I found the infirmary, which was easier to locate than I’d thought, because the door was open and I could hear a familiar laugh coming from the room. I stepped in to find that Quinn was talking to the honey bear-looking woman, who must be Bettina, and the black guy, who must be Hondo. Also, to my astonishment, Clovache was there. Her armor was not off, but she managed to give the impression of a guy who’d loosened his tie.
“Sookie,” said Quinn. He smiled at me, but the two shape-changers didn’t. I was definitely an unwelcome visitor.
But I hadn’t come to see them. I’d come to see the man who’d saved my life. I walked over to him, letting him watch me, giving him a little smile. I sat on the plastic chair by the bed and took his hand.
“Tell me how you’re feeling,” I said.
“Like I had a real close shave,” he said. “But I’m gonna be fine.”
“Could you all excuse us a moment, please?” I was at my most polite as I met the eyes of the three others in the room.
Clovache said, “Back to guarding Kentucky,” and took off. She might have winked at me before she vanished.
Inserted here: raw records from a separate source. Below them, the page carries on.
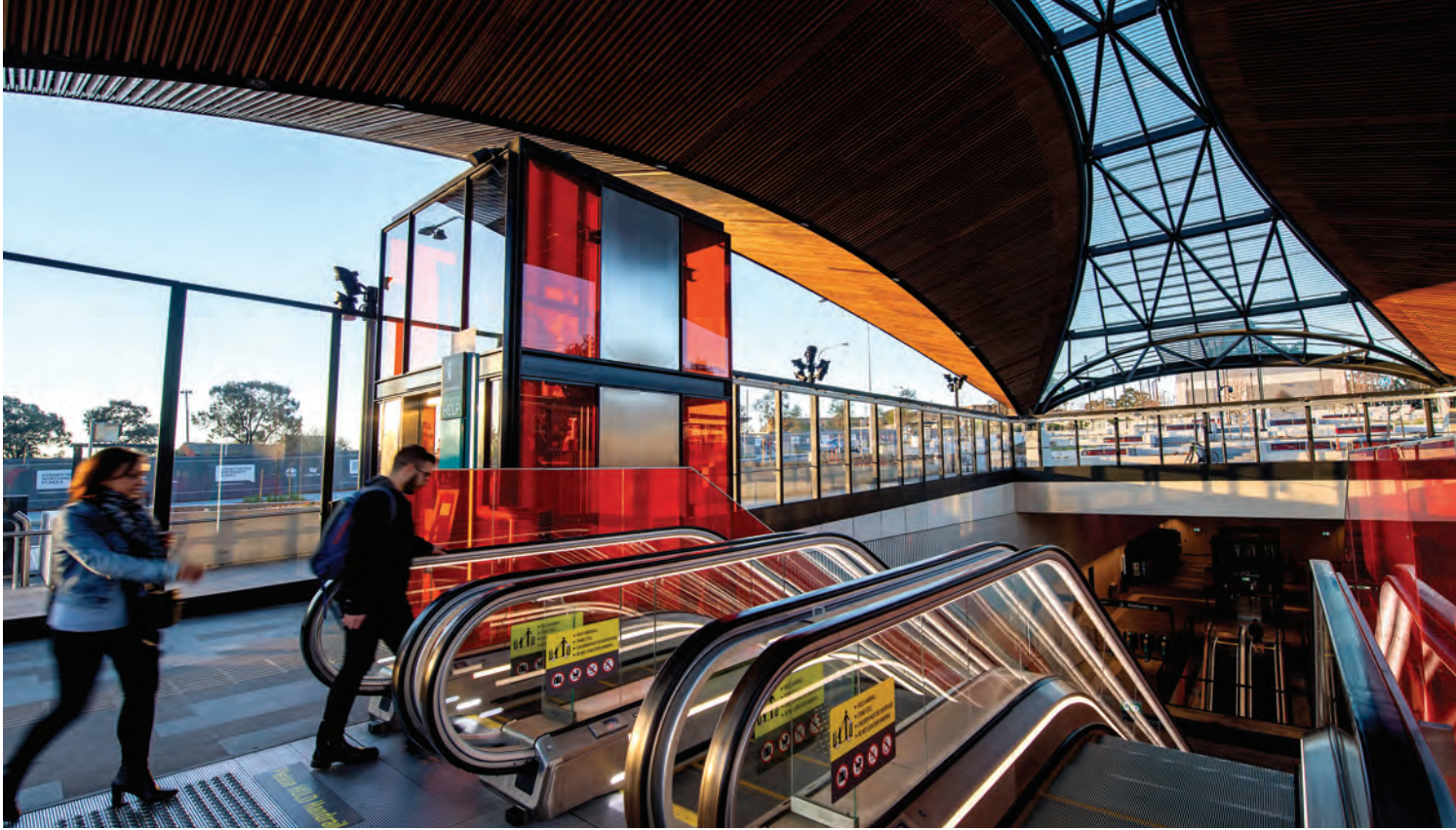
Hills Showground Station, Metro North West Line.
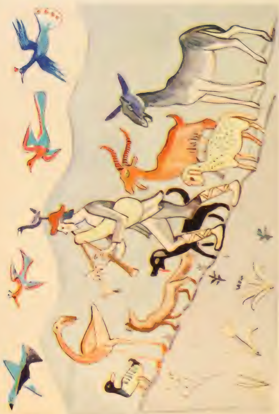
ער הדעם מיט וויין דודע און פילט ניט זיינע טריט.
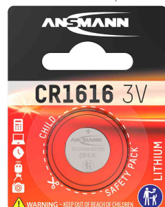
Pile bouton au lithium, CR1616
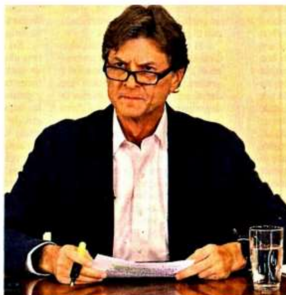
■ Enrique de la Madrid, ex Secretario de Turismo.
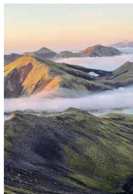
Tåke med Beerenberg.

Livet på øyen er nok noe annerledes enn beskrevet i forrige utgave av Amatørradio . Spesielt at det nå er tilgang til internett der oppe via satellitt. Noe særlig båndbredde var det ikke å snakke om, men noen få megabit fordelt på 19 personer fungerte faktisk bra nok for å få med seg det som skjedde hjemme. Telefon er det på hver lugar, og for en radioamatør så har man også Tikkebu tilgjengelig!
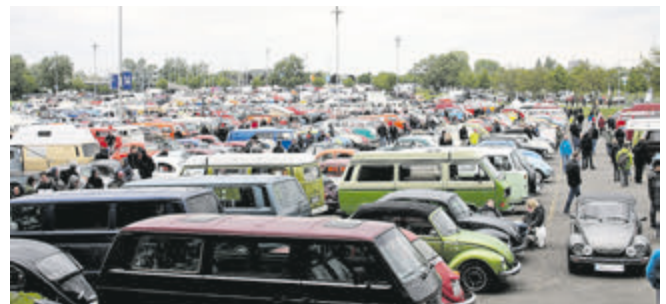
Volkswagen bis zum Horizont: zum 35. MaiKäferTreffen kamen wieder tausende Käfer und diverse Derivate.
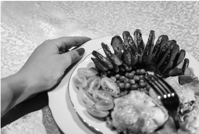
Рис. 4. Контролирующая край тарелки свободная рука
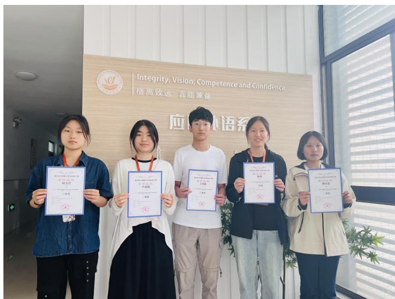
图 7 第四届全国数字贸易技能大赛获奖学生合影
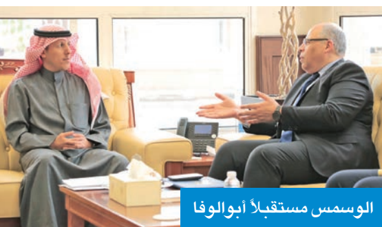
الوسمس مستقبلاً أبو الوفا

بحث وزير الأوقاف والشؤون الإسلامية، د. محمد الوسمي، مع سفير مصر لدى البلاد، محمد أبو الوفا، أمس، سبل تعزيز التعاون المشترك لاسيما المرتبط بعمل الوزارة. وذكرت الوزارة، في بيان لـ «كونا»، أن الوزير الوسمي أكد خلال اللقاء أهمية استمرار التواصل والتنسيق، بما يسهم في دعم العمل الإسلامي وتعزيز الجهود في مجالات الدعوة والتوعية. وأشارت إلى أن الجانبين أكدا خلال اللقاء حرصهما على تطوير مجالات التعاون، وتبادل الخبرات، بما يخدم المصالح المشتركة ويعزز العلاقات الثنائية بين البلدين.
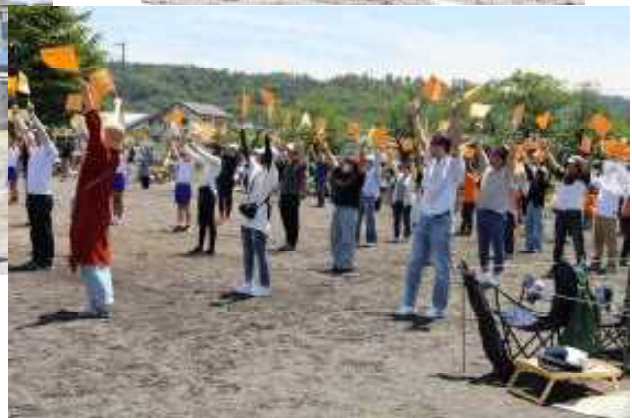
17 150周年記念校歌ダンス （全校・保護者・地域）
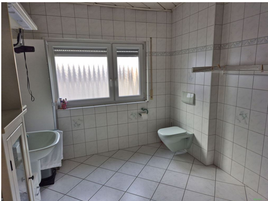
Bad OG 2
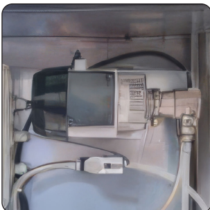
BOMBA EM INOX (EM OPÇÃO)
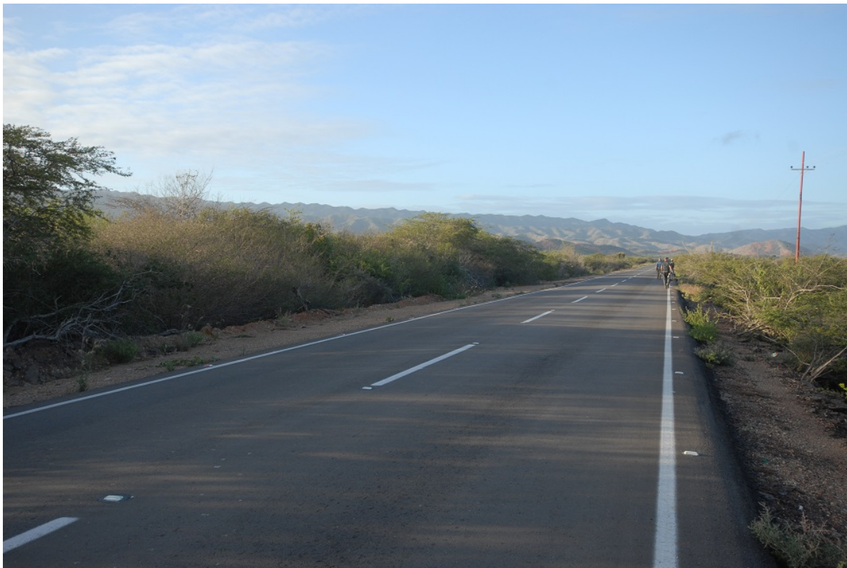
Biotop för Vermilion Cardinal på Pariahalvön.

Åter en tidig start kvart i fyra på morgonen, vilket åtminstone kompenseras av en hörd Tropical Screech-Owl, och avfärd mot den västra delen av Pariahalvön, en lång transport på två och en halv timme. Här i biotopen halvöken bevuxen med kaktusar och torra buskar var mållarten framför allt Vermilion Cardinal, en art jag själv missade på Guajira-halvön i östra Colombia något år innan. Kardinalen är sällsynt på fastlandet men tydligen mycket vanlig på ön Margarita som vi kunde skimta i diset långt ute på havet. Vi skådade längs med bilvägen när vi kommit in i rätt biotop och hoppades att få se en lysande röd fågel sitta i toppen på någon av kaktusarna.
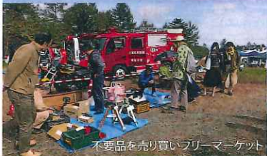
不要品を売り買いフリーマーケット
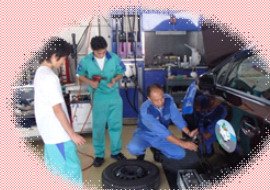
社会や生き方を学ぶ (職場体験学習)
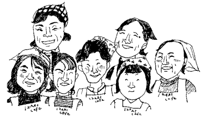
fig.16 漁村カフェのおばちゃんたち

女性がこのカフェで働いています。漁師のおっちゃんおばちゃんたちの下で、いま伊座利人見習い中です。この絵は彼女が描いたカフェで働くおばちゃんたちの似顔絵です [fig.16]。
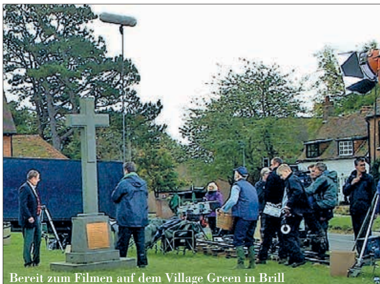
Bereit zum Filmen auf dem Village Green in Brill
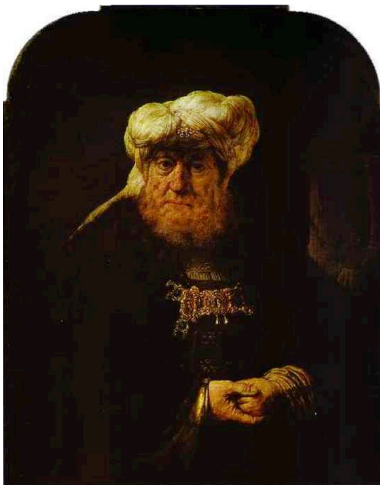
Figura N° 4. El Rey Uzías, Herido por la lepra (1639). Óleo sobre lienzo Pintor: Rembrandt Van Rijn
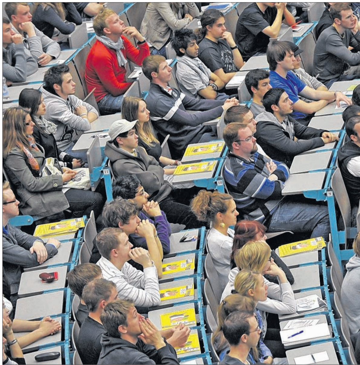
Voller Uni-Hörsaal: Im Bachelor-Studium sollten gute fachliche und methodische Kenntnisse erworben werden.

Aus Sicht Fleur Kemmers betrifft diese Debatte ihren Studiengang nicht, in dem Geld und Wirtschaft von den ersten um 600 v. Chr. geprägten Münzen bis zum Ende des weströmischen Reiches kurz vor 500 n. Chr. erforscht werden. „Unser Studienprogramm besteht zur Hälfte aus Veranstaltungen der AGRP, wodurch unsere Studierenden auch Erfahrung in der Ausgrabungspraxis sammeln. Damit sind
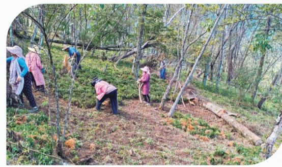
药农抢抓时节采挖黄莲。
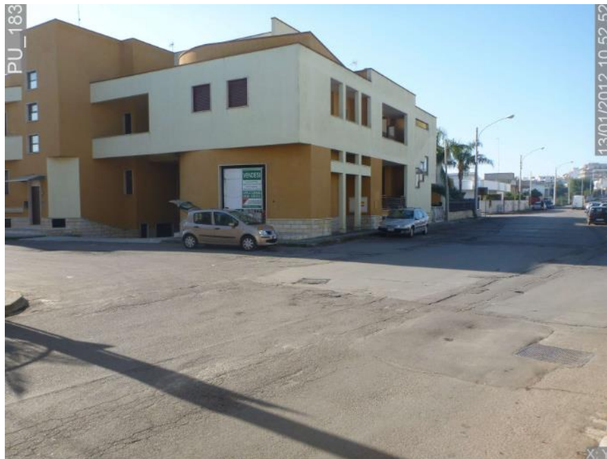
Fig. 2 - Immagine dell'area della grotta PU_183 riportata in Catasto Grotte

DIPARTIMENTO AMBIENTE, PAESAGGIO E QUALITÀ URBANA SEZIONE TUTELA E VALORIZZAZIONE DEL PAESAGGIO SERVIZIO OSSERVATORIO E PIANIFICAZIONE PAESAGGISTICA
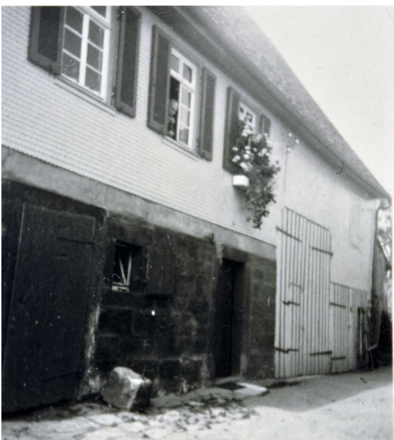
Haus Nr. 24 (Maler Rentschler)
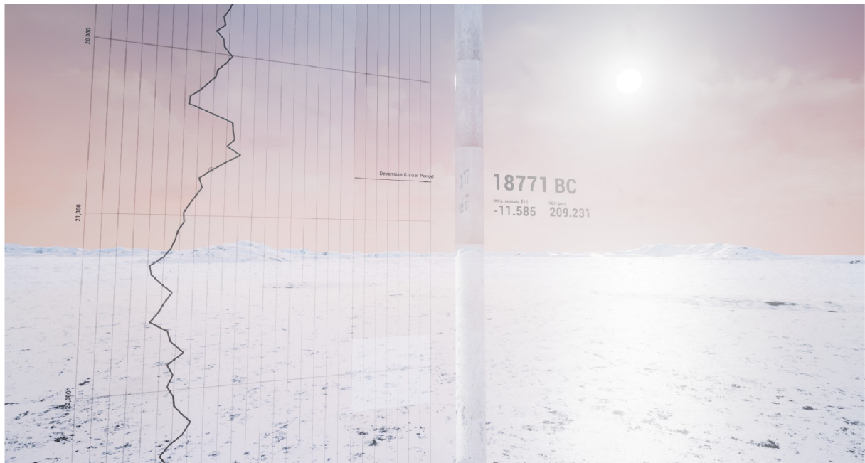
Screenshot „Ice Core Project“
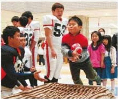
部員の手ほどきを受けながらボールをダイビングキャッチする子ども＝岐阜市正木中のマーサ21で

小学生や幼児にアメ リカンフットボールに 親んでもらう体験イ ベントが二十五日、岐 阜市正木中の大型商業 施設「マーサ21」であ り、多くの親子連れが 楽しんだ。 岐阜大アメリカカンフ ットボール部が企画。 冒頭、ユニホーム姿の
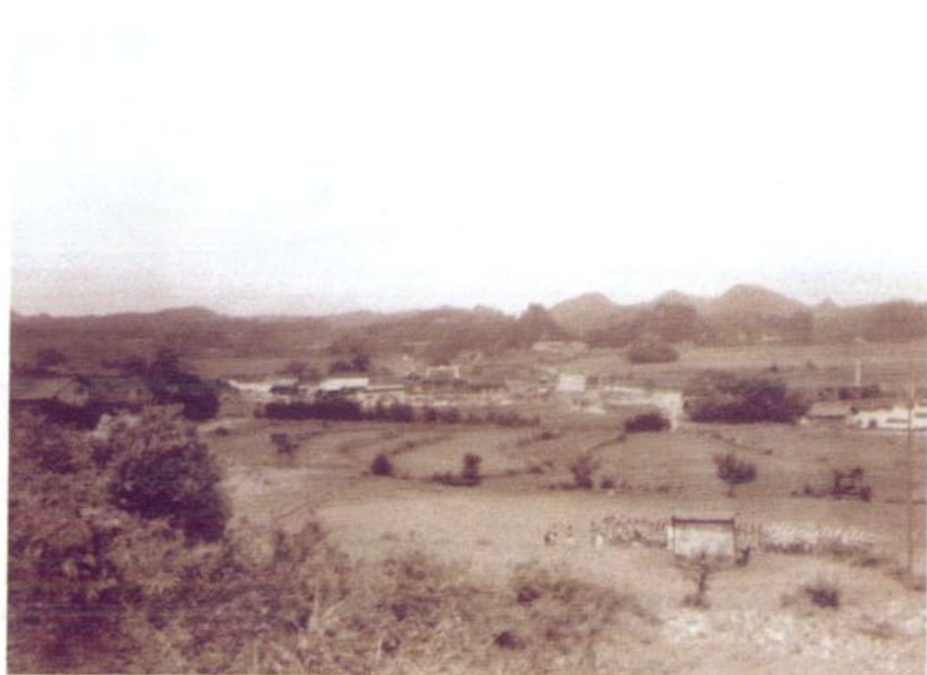
三、四十年代的清华中学

Bettina looked a bit disgruntled, as if she’d been student teaching on her own and now the teacher had returned and snatched back her authority.
Hondo gave me a dark look that held more than a hint of threat. “You treat my man right,” he said. “Don’t give him no hard time.”
“Never,” I said. He couldn’t think of a way to stay, since Quinn apparently wanted to talk to me, so he left.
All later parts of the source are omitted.